Everything in the listing should be set down exactly, apart from the pictures.

** Opening EXERCISE DATA block **

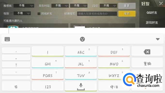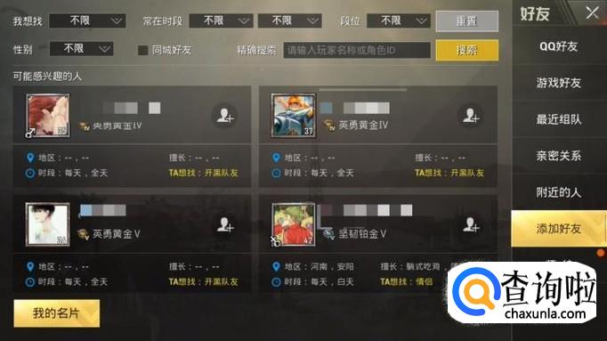 进入添加好友过后,可选择段位等各种所需信息进行大范围搜索,再选择相关游戏用户添加即可。
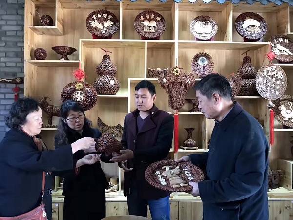 到黄陵后,车未停,人未休息。在县老促会会长贾永录陪同下直接前往双龙镇索罗湾行政村“黄陵乾锦和山核桃工艺品有限公司”进行考察。在公司经理赵崇斌引导下,先是参观了山核桃手工艺品展览室,不起眼的山核桃经过匠工们切割、打磨、造型、粘贴等三十多道工序精雕细刻,手工制作成“轩辕黄帝像”、“乾坤球”、“花瓶”、“镇宅斧”、“宝剑”、“大小烟灰缸”、“抽纸盒”、“手杖”、“牛、羊、鱼”等五十多种产品,琳琅满目。每件作品精巧玲珑,动物栩栩如生,既有实用功能,又有观赏价值,令人赏心悦目。随后参观了制作车间,还有利用当地山石制作的“假山”、“青苔”等。董总一行人看了赞不绝口,认为作品很有经济价值。她表示回北京后,要利用“中国扶贫开发有限公司”电商平台向全国各地和有联系的十多个国家推介“山核桃手工艺品”。同时指出产品包装档次低,建议探讨开发新的作品及精致的包装盒子,提高产品包装档次和质量,取得更好的经济效果。
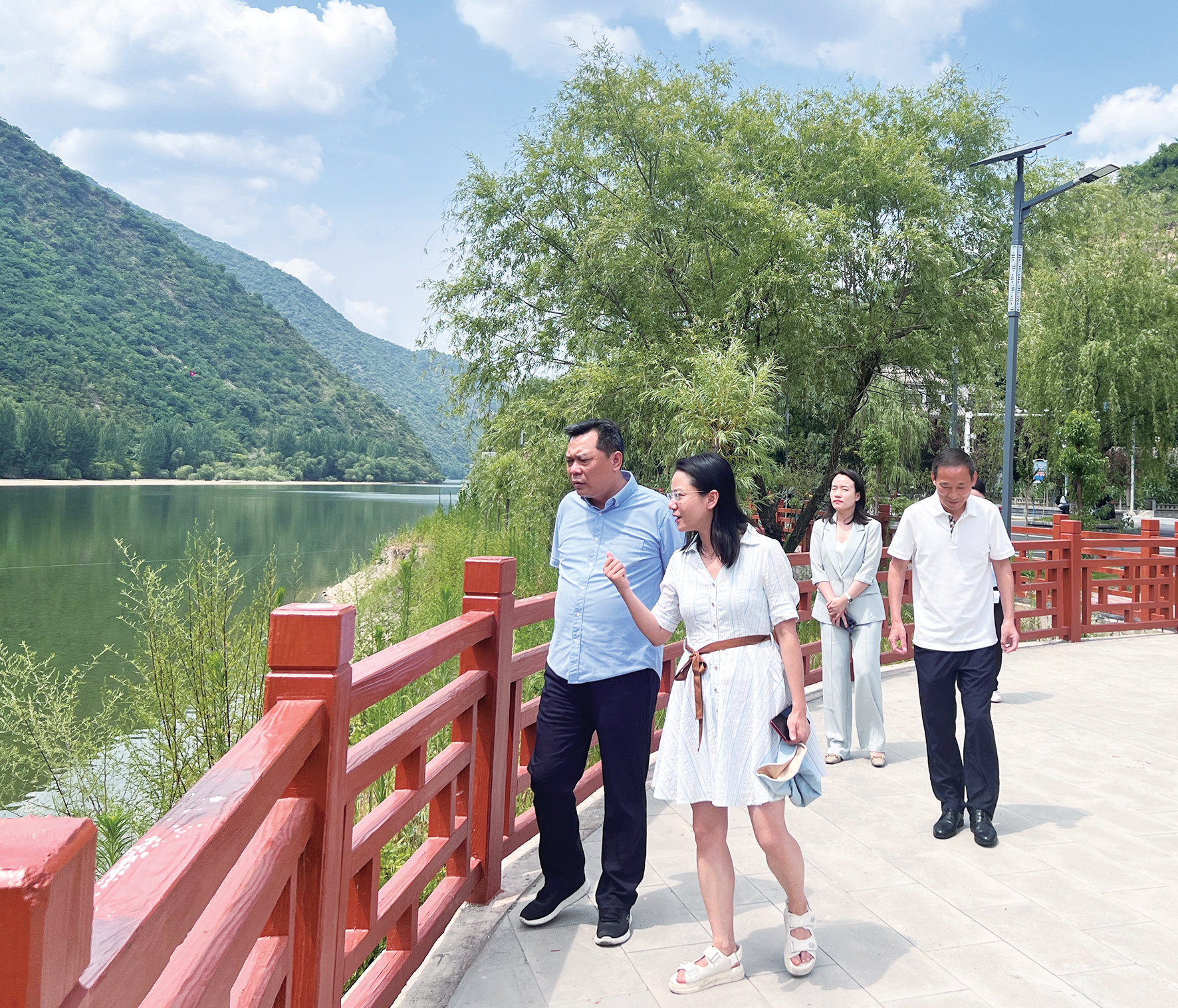市中级人民法院院长王宏(左一)在金钱河开展巡河、巡库工作。

** Closing EXERCISE DATA block **

WRITTEN ANSWER
 进入添加好友过后,可选择段位等各种所需信息进行大范围搜索,再选择相关游戏用户添加即可。
 到黄陵后,车未停,人未休息。在县老促会会长贾永录陪同下直接前往双龙镇索罗湾行政村“黄陵乾锦和山核桃工艺品有限公司”进行考察。在公司经理赵崇斌引导下,先是参观了山核桃手工艺品展览室,不起眼的山核桃经过匠工们切割、打磨、造型、粘贴等三十多道工序精雕细刻,手工制作成“轩辕黄帝像”、“乾坤球”、“花瓶”、“镇宅斧”、“宝剑”、“大小烟灰缸”、“抽纸盒”、“手杖”、“牛、羊、鱼”等五十多种产品,琳琅满目。每件作品精巧玲珑,动物栩栩如生,既有实用功能,又有观赏价值,令人赏心悦目。随后参观了制作车间,还有利用当地山石制作的“假山”、“青苔”等。董总一行人看了赞不绝口,认为作品很有经济价值。她表示回北京后,要利用“中国扶贫开发有限公司”电商平台向全国各地和有联系的十多个国家推介“山核桃手工艺品”。同时指出产品包装档次低,建议探讨开发新的作品及精致的包装盒子,提高产品包装档次和质量,取得更好的经济效果。
市中级人民法院院长王宏(左一)在金钱河开展巡河、巡库工作。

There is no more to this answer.